Minor typo... your questions are labeled 1, 1a, 2, and 3, but the next sentence is "Note understanding 1b) requires some context."

Posted by: Bennett Haselton at September 27, 2007 02:12 PM

Fixed, thanks.

Posted by: Seth Finkelstein at September 27, 2007 02:16 PM

Thanks for highlighting the thread. I don't have time to dig that deep.

So I take it that right now the bot is in use and crawling the world (but bumping against testing limits).

I can see this bot getting banned real fast - if not already - as a story appears on a popular site and a lot of users dump that url into its start search here now sequence.

How many users are they expecting to run this for them?

If the major blog hosters block it, it will be of no use for searching blogs.

I can just see yahoo and microsoft allowing it run over their sites as well.

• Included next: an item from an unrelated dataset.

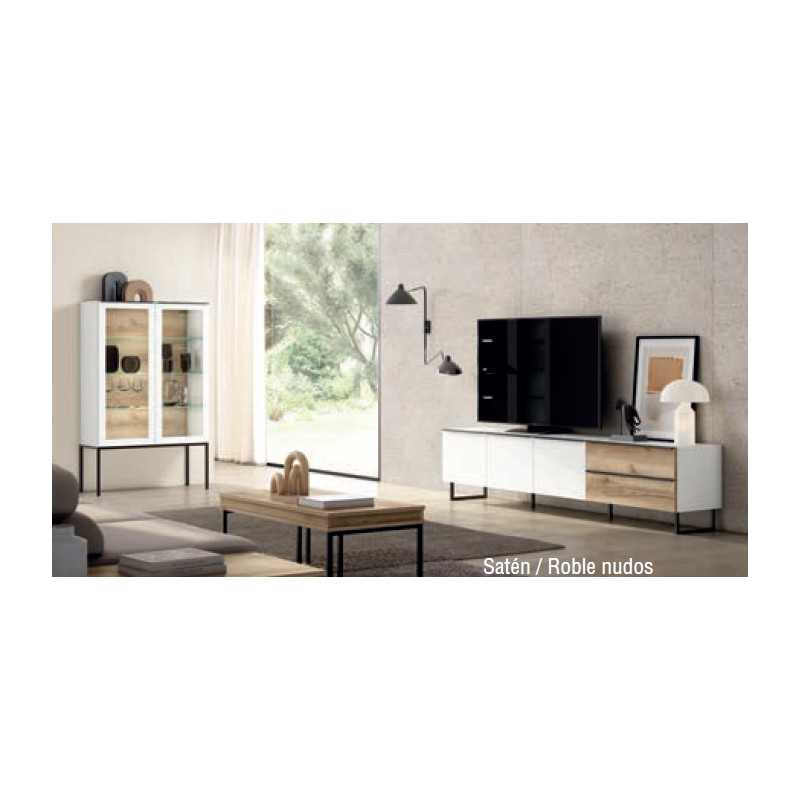 COMPOSICIÓN TV 240CM PATA METAL Y VITRINA BANCADA 100CM

So without major news sites, ms knowledge base, blogs, what is left that will be useful?

Sites like cryptome would probably just ban it (or worse) because of the abuse they already get from bots.

How much useful content is left?

Maybe a lot and maybe there is a niche for search engine that search everything except major sites and "highly linked"/authoritave pages.

My contribution to the search eco-system lately has been trying hakia and giving them some feedback - just because I like to see competition in the markets.

I don't think wikiasearch will be it.

Posted by: tqft at September 29, 2007 06:11 PM

Yes, the bot's in use - but how useful it is, is a different question!